▶ **AIM OF THE EXERCISE**
All entries given below are to be returned word for word.

*** Opening of RECORDS FOR THIS TASK ***

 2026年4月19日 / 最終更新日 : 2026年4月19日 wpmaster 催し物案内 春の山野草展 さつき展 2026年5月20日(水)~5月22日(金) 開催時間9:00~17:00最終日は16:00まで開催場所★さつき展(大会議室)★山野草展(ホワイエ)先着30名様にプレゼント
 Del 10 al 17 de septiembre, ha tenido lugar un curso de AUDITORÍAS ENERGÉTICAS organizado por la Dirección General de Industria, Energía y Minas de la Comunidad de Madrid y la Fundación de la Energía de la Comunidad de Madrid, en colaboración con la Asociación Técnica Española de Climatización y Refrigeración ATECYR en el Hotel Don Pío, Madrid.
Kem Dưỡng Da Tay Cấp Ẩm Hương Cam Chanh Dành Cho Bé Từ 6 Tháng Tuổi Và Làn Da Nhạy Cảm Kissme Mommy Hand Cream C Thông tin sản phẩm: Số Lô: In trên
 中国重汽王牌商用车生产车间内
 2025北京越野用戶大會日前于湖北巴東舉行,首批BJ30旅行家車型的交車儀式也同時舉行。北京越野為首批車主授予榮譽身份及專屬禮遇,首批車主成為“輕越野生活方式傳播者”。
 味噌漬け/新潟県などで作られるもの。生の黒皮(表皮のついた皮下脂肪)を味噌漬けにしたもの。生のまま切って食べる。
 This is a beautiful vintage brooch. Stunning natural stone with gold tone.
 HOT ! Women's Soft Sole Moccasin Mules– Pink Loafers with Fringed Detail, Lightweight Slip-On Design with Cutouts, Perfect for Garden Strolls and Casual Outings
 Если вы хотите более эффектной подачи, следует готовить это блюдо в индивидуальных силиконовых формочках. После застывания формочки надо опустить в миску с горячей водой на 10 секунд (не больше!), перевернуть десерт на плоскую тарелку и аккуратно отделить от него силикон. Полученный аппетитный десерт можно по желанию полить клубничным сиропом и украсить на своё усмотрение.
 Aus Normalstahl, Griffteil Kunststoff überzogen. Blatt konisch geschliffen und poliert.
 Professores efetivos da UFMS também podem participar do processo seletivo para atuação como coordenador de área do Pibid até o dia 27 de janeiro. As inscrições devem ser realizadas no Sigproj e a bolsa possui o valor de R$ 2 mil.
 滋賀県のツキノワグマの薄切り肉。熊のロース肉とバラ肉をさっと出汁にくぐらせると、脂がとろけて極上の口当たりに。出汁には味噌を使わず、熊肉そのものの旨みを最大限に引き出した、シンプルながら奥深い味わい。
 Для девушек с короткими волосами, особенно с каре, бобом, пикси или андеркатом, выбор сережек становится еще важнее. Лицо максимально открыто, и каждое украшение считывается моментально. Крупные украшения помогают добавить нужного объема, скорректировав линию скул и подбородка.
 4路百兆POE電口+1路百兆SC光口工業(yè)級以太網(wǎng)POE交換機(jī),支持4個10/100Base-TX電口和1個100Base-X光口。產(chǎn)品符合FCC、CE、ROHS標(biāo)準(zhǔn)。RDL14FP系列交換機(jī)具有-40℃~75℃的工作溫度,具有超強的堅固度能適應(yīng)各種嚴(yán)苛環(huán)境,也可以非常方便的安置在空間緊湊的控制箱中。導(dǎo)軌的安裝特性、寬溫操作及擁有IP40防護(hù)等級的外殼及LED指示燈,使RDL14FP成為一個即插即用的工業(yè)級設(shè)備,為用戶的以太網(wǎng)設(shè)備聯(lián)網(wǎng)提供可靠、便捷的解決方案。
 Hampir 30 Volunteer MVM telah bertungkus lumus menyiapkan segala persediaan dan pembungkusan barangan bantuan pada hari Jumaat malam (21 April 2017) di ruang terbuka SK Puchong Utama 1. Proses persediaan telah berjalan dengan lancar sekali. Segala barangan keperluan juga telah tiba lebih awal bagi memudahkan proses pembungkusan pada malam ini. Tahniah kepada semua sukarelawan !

*** Close of RECORDS FOR THIS TASK ***

▶ **REPLY TO THE TASK**
 2026年4月19日 / 最終更新日 : 2026年4月19日 wpmaster 催し物案内 春の山野草展 さつき展 2026年5月20日(水)~5月22日(金) 開催時間9:00~17:00最終日は16:00まで開催場所★さつき展(大会議室)★山野草展(ホワイエ)先着30名様にプレゼント
 Del 10 al 17 de septiembre, ha tenido lugar un curso de AUDITORÍAS ENERGÉTICAS organizado por la Dirección General de Industria, Energía y Minas de la Comunidad de Madrid y la Fundación de la Energía de la Comunidad de Madrid, en colaboración con la Asociación Técnica Española de Climatización y Refrigeración ATECYR en el Hotel Don Pío, Madrid.
Kem Dưỡng Da Tay Cấp Ẩm Hương Cam Chanh Dành Cho Bé Từ 6 Tháng Tuổi Và Làn Da Nhạy Cảm Kissme Mommy Hand Cream C Thông tin sản phẩm: Số Lô: In trên
 中国重汽王牌商用车生产车间内
 2025北京越野用戶大會日前于湖北巴東舉行,首批BJ30旅行家車型的交車儀式也同時舉行。北京越野為首批車主授予榮譽身份及專屬禮遇,首批車主成為“輕越野生活方式傳播者”。
 味噌漬け/新潟県などで作られるもの。生の黒皮(表皮のついた皮下脂肪)を味噌漬けにしたもの。生のまま切って食べる。
 This is a beautiful vintage brooch. Stunning natural stone with gold tone.
 HOT ! Women's Soft Sole Moccasin Mules– Pink Loafers with Fringed Detail, Lightweight Slip-On Design with Cutouts, Perfect for Garden Strolls and Casual Outings
 Если вы хотите более эффектной подачи, следует готовить это блюдо в индивидуальных силиконовых формочках. После застывания формочки надо опустить в миску с горячей водой на 10 секунд (не больше!), перевернуть десерт на плоскую тарелку и аккуратно отделить от него силикон. Полученный аппетитный десерт можно по желанию полить клубничным сиропом и украсить на своё усмотрение.
 Aus Normalstahl, Griffteil Kunststoff überzogen. Blatt konisch geschliffen und poliert.
 Professores efetivos da UFMS também podem participar do processo seletivo para atuação como coordenador de área do Pibid até o dia 27 de janeiro. As inscrições devem ser realizadas no Sigproj e a bolsa possui o valor de R$ 2 mil.
 滋賀県のツキノワグマの薄切り肉。熊のロース肉とバラ肉をさっと出汁にくぐらせると、脂がとろけて極上の口当たりに。出汁には味噌を使わず、熊肉そのものの旨みを最大限に引き出した、シンプルながら奥深い味わい。
 Для девушек с короткими волосами, особенно с каре, бобом, пикси или андеркатом, выбор сережек становится еще важнее. Лицо максимально открыто, и каждое украшение считывается моментально. Крупные украшения помогают добавить нужного объема, скорректировав линию скул и подбородка.
 4路百兆POE電口+1路百兆SC光口工業(yè)級以太網(wǎng)POE交換機(jī),支持4個10/100Base-TX電口和1個100Base-X光口。產(chǎn)品符合FCC、CE、ROHS標(biāo)準(zhǔn)。RDL14FP系列交換機(jī)具有-40℃~75℃的工作溫度,具有超強的堅固度能適應(yīng)各種嚴(yán)苛環(huán)境,也可以非常方便的安置在空間緊湊的控制箱中。導(dǎo)軌的安裝特性、寬溫操作及擁有IP40防護(hù)等級的外殼及LED指示燈,使RDL14FP成為一個即插即用的工業(yè)級設(shè)備,為用戶的以太網(wǎng)設(shè)備聯(lián)網(wǎng)提供可靠、便捷的解決方案。
 Hampir 30 Volunteer MVM telah bertungkus lumus menyiapkan segala persediaan dan pembungkusan barangan bantuan pada hari Jumaat malam (21 April 2017) di ruang terbuka SK Puchong Utama 1. Proses persediaan telah berjalan dengan lancar sekali. Segala barangan keperluan juga telah tiba lebih awal bagi memudahkan proses pembungkusan pada malam ini. Tahniah kepada semua sukarelawan !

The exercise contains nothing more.